This course emphasizes the quantitative approach of physics and mathematics applied to everyday materials.
‘Soft Matter’ was a term introduced by the French Physicist Pierre de Gennes in his Nobel lecture in 1991 to describe a large class of materials that exhibit large deformation under modest forces. The range of materials that fall under soft matter consists of polymers, liquid crystals, colloids, emulsions, foams, pastes, and complex fluids formed by mixtures of water with surfactants or amphiphiles, ferrofluids, granular materials, the vast array of biological or biologically inspired materials, the new area of active fluids, and much more.
This course emphasises a quantitative approach of physics and mathematics applied to everyday materials and provides an overview of an experiential learning of the subject through hands on projects, labs and student seminars.
We introduce you to Molecular Forces, energies, time scales and their interdependence in the context of soft matter systems. Concrete applications of Thermal and Statistical physics such as Brownian motion, random walks, diffusion, effect of entropy, self-assembly, and phase transitions are developed with examples from polymers, surfactants, colloids and liquid crystals.

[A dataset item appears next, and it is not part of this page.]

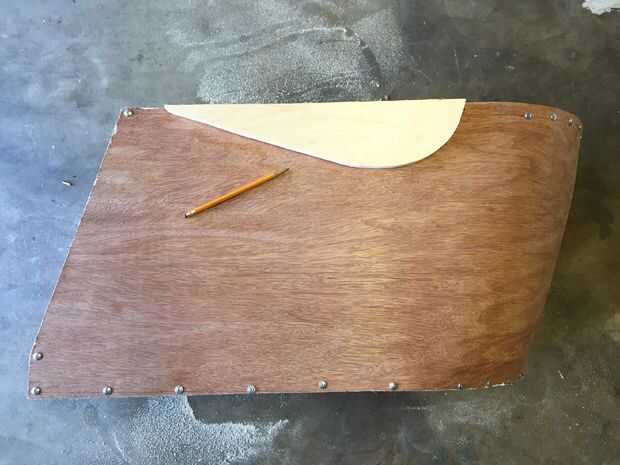 Ahora usted necesitará cortar la abertura en la pieza superior de la madera contrachapada de su sidecar con su juego.

Concepts in continuum mechanics such as viscosity and viscoelasticity of rubber are presented in an elementary manner for polymers. Small angle light scattering and microscopy to determine the structure of colloidal crystals, measuring the Debye screening length while salting out milk, ionic conductivity measurements to probe self-assembly in surfactant systems, visualizing and tracking Brazil nut effect in granular media, tracking the dynamics of a sedimenting sphere in a viscoelastic liquid, measuring optical birefringence of liquid crystals, determining drag force in a shear thickening liquid are some of the experiments or projects done by the students in this course.